Compared to U.S. black bear standards, there aren’t that many bears, so Wicket and I and seven other people only found four scats that day, and Wicket didn’t find any of them first. I definitely felt like I had something to prove. People weren’t used to a working partnership with a dog and therefore didn’t trust her to be useful. It felt like a lot of pressure.
There were some seriously steep and slippery mountains in that part of the Sichuan Province and land leeches as well—at least three of them got Wicket that day. Luckily, their bite goes by unnoticed but their anti-coagulant means that their bites bleed quite a bit and look pretty gruesome.

Periodically we’d stop to pull the leeches off of Wicket.
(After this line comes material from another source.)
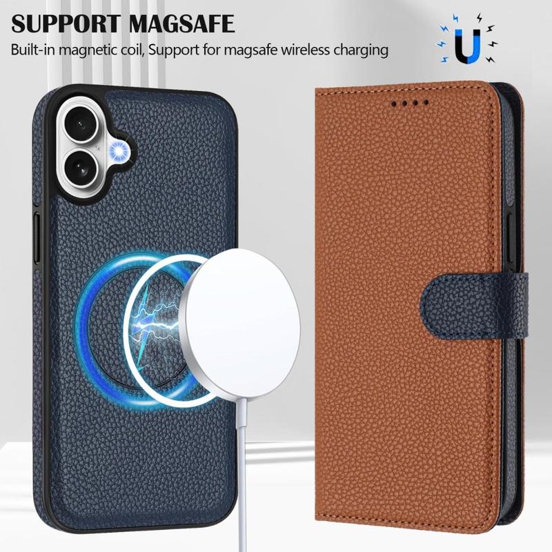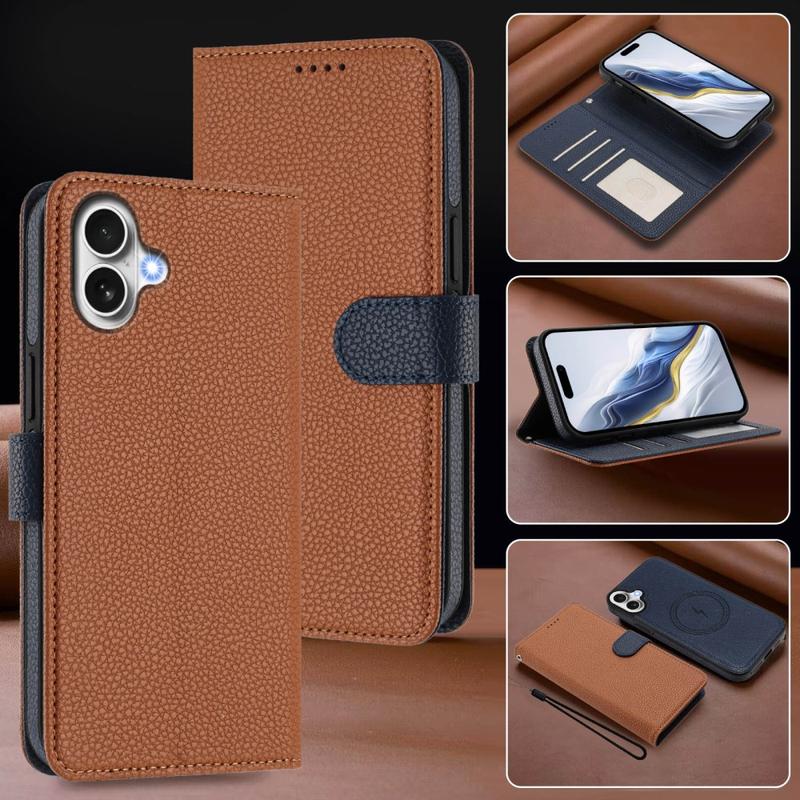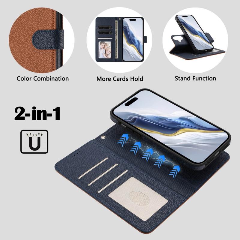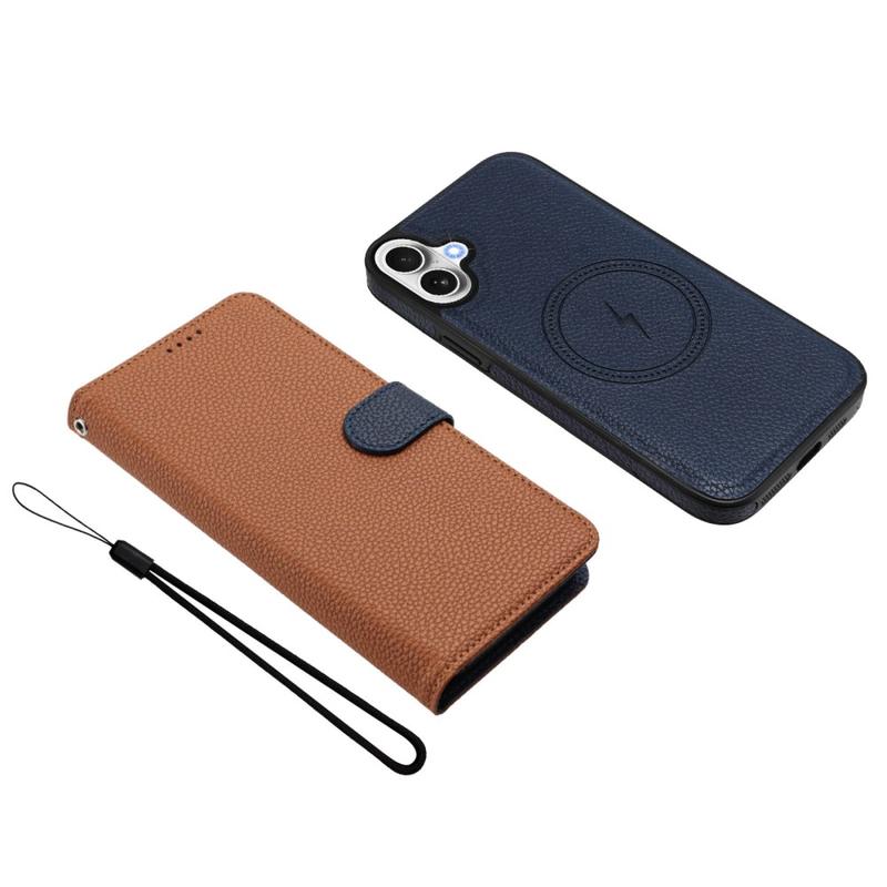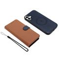 iPhone 17 Abnehmbare Wallet Hülle mit MagSafe, RFID Schutz und Handschlaufe - Braun / Blau

Many people wore blue leech socks which are tightly woven booties worn under boots and over pants that worked pretty well at staving off the bloodsuckers.
A much more impressive foe walloped me for the first time that day—a stinging nettle plant. It created blisters and irritated me for days. The Chinese species certainly would win a fight with the American variety any day of the week. At dinner we were served battered and fried stinging nettle leaves, so revenge was mine.
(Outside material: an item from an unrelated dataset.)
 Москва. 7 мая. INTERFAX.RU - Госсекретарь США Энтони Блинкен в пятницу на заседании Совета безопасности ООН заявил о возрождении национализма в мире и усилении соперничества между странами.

I made a potentially grave error when I realized partway through the Sprite I was drinking that it tasted very odd, wasn’t really carbonated, and that I couldn’t recall breaking the seal on the cap. I was not the first person to unknowingly drink from a used bottle refilled in the river, but I have traveled to fifteen countries so I wish I could say I was too savvy for such a ruse. At dinner that night we partook in much toasting with the potent traditional Chinese grain alcohol, baijiu. Reminiscent of chemicals from chemistry class, it wasn’t really a favorite of mine though I learned to gam bei, or bottoms-up, many a glass. I quickly learned to request the room-temperature, 10% alcohol, Snow brand beer that every establishment had instead of baijiu. That night, I just let the spirits battle the Sprite, may the best toxin win.
Our field crews were often large and changed personnel often. Here Aimee, Bill, Wicket, two local reserve ranger, Wulan, and Lisheng wait for the rest of the crew to catch up (photo K.Malcolm)
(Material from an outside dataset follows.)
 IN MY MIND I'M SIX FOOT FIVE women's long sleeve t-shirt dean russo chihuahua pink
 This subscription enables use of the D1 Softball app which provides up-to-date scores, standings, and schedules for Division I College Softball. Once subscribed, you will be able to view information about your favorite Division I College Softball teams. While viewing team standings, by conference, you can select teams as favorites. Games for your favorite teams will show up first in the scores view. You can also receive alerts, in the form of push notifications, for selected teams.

Day 6: Wicket found all six of the scats that we collected that day! She was a master and really started proving her worth to the people there, so I knew we were ready for some “real” searches.
It was a great day for appreciating nature: I saw a takin (a beefy mountain goat type mammal) on a mountainside meadow, learned to identify (and mostly avoid) stinging nettle, and watched a gorgeous rhinoceros beetle go about his business. Wicket found the beetle curious, while the beetle, I inferred from his hissing retort to her attentive sniffing, found Wicket disagreeable.

Not everyone in China liked Wicket, this rhinoceros beetle didn’t appreciate her attention.
Way up the mountain we came across an old village site, with some stone farming terraces still in place, as well as some foundations and tombs which reminded me that no matter how new to me, the mountain under my feet had been tread by generations of people before me. Throughout the day, I narrowly missed getting touched on the face by painful and itchy spines of a caterpillar, encountered a lot of brambles, and pulled four leeches off myself, but it was a great day. We enjoyed lots of laughing among our crew and capped off the day with a swim in a cold and swift creek alongside some Brown dippers (small aquatic song birds) who were also enjoying the invigorating water.

I dodged a stinging nettle only to have Karl point out that in the process I narrowly missed brushing my face against this painful, but pretty, caterpillar
Dinner that night was delicious! There were sweetened walnuts, cold mashed potatoes with vinegar for dipping, greens with pork, battered and fried eggplant with dollops of pork in the center, battered and fried nettles, twice cooked pork, mushroom and chicken soup, eggs and greens, sliced tomatoes, smoked beef, gingery greens, pork ribs and potatoes. If only all days were like that one.
I’m inexplicably joyous about showing off my first leech bites (photo K.Malcolm)
Day 7: It took some continual reminding to get our forest reserve companions to stop whistling to Wicket while she was working, and at each reserve we worked with different locals and so this coaching process began anew. I found that women tended to shy away from her and seemed convinced that she would bite them, whereas the men opted to whistle and approach her, though only for a better look, they didn’t want to touch her or have her close enough to touch them. On the other hand, Wicket, who has been given the moniker Lick it, didn’t understand why she couldn’t offer her usual enthusiastic greeting to anyone within tongue range.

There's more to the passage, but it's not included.